El gobernador Raul Jali y sus funcionarios, muchos de los cuales además son candidatos, están desde hace más de una semana embarcados en un intenso schedule de inauguraciones y anuncios de obras. Apretando la agenda y recorriendo la provincia con prisa, para acomodar esas acciones de gobierno lo más cerca posible de las elecciones. La estrategia es que, al momento del sufragio, el elector tenga el recuerdo fresco en su memoria y los vote.
Justamente, para evitar que esa gestión le otorgue al oficialismo una ventaja electoral sobre el resto de las fuerzas políticas, el cronograma marca un periodo previo en el que se prohíben “los actos públicos susceptibles de promover la captación del sufragio”. En el actual proceso, esa veda comienza el próximo miércoles 20. Por lo que, corto el tiempo remanente, la agenda se vuelve febril.
Si bien esta es la parte más visible o evidente, la estrategia de la utilización de la obra y gestión pública con objetivos electorales es mucho más extensa en el tiempo y mucho más profunda en lo estructural. Y se replica en todos los niveles de gobierno, empezando en la administración central, pasando por los gobiernos provinciales y terminando en las comunas. Al punto tal de que genera tendencias cíclicas en la macroeconomía nacional.
Según economistas y estudiosos de la materia, la ya arraigada práctica de usar las obras y la inversión pública como herramienta de campaña queda registrado en la evolución histórica de la economía nacional durante las últimas décadas. Sin ser una maniobra exclusiva de ninguna fuerza política, hace décadas que en los años electorales el PBI y el gasto público crecen, avivados por las necesidades proselitistas de los oficialismo.
Esto no significa necesariamente que todas las obras, acciones de gobierno o desembolsos económicos durante esos años sean innecesarios. Las viviendas, las ambulancias, la aparatología sanitaria, las herramientas e insumos agropecuarios, rutas, escuelas, más viviendas y tantas otras obras e inversiones concretadas durante estas semanas muy probablemente cubren una real necesidad.
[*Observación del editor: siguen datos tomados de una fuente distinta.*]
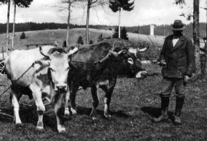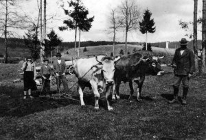 Furman je z gajžlo poganjal in miril vola, da sta lepo enakomerno vlekla, najprej plug, potem pa še brano.Kraj: med Rakekom, Uncem in Ivanjim selom

Pero claramente, este estilo de planificación no se fija tanto en las necesidades de la gente como en los tiempos de la política electoral. Tampoco propone objetivos más allá de ese corto plazo abarcado en lo preelectoral y la campaña. Más bien, sigue el pulso cíclico de las citas electorales año de por medio.
La propia vicepresidenta Cristina Fernández, señaló implícitamente este dato cuando, en una audiencia ante el Tribunal Oral en lo Criminal Federal N° 8 en la causa en la que se le investiga por la firma del Memorándum con Irán, aseguró que había que terminar “con el mito este de que hace 10 años que nadie crece”, señalando que en 2013 y 2015 el PBI de Argentina había crecido. Respaldando la hipótesis de que el país crece en años electorales, de la mano del gasto público.
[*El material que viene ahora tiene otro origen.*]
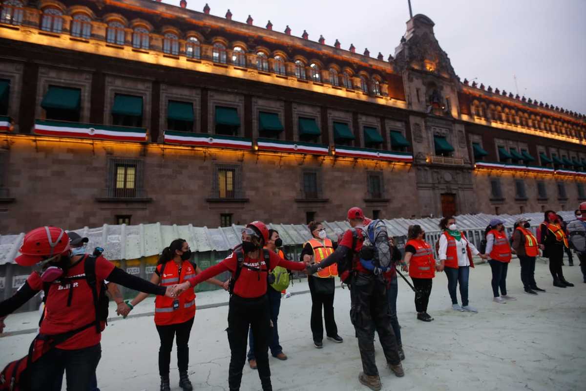 Integrantes de la brigada Marabunta y personal del gobierno capitalino realizaron una valla humana alrededor de la plancha del Zócalo de la Ciudad de México en señal de que la marcha llegó a su fin y las manifestantes se retiren del lugar.

“Los datos oficiales muestran que, cómo señaló Fernández de Kirchner, la economía (…) en 2013 registró un crecimiento del 2,4% y en 2015, del 2,7%.Es decir que el PBI argentino creció en los años impares y cayó en los pares”, analiza el diario Chequeado.com, generando otro respaldo a la teoría. Años impares, años electorales, de “crecimiento” forzado por el gasto público.
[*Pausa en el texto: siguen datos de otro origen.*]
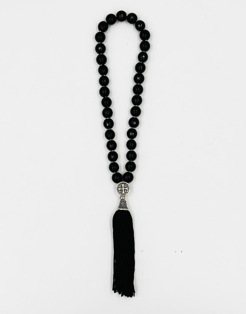 Προσευχητάρι 33άρι από ημιπολύτιμες χάντρες Αχάτη σε μαύρο χρώμα.

El “push electoral” del Gobierno, como lo llama el diario El Economista, a través de un mayor gasto público, impulsó este año un crecimiento del 1,2% del PIB. “El Gobierno prepara un escenario de mayor gasto para incentivar un mayor nivel de actividad y darle aire a los castigados bolsillos”, relataba el artículo, basado en un informe de la consultora Equilibra. Pero a qué costo.
En primer lugar, a costa del incremento del gasto público y el crecimiento del déficit fiscal primario. “Desde julio se viene ampliando el déficit y la asistencia monetaria del BCRA en una clara decisión política de inyectar más pesos al consumo y llegar en relativas mejores condiciones a la elección de noviembre”.
En segundo lugar, causando una distorsión de los medidores macroeconómicos, que aparentan crecimiento en indicadores como el PBI, pero financiados con recursos públicos que, para peor, provienen de una política de emisión monetaria furiosa. Algo similar a lo que ocurre con los indicadores de pobreza o desocupación que disminuyen a fuerza de asistencia social, planes y programas que desangran las arcas públicas.
En un país en el que las provincias son económicamente dependientes de los fondos nacionales, un altísimo porcentaje de los recursos que los gobernadores invierten salen de la misma billetera. Y, últimamente, de la misma máquina de imprimir billetes. Que en periodos proselitistas, cuando las necesidades partidarias ponen a la política económica en modo electoral, trabaja sin parar.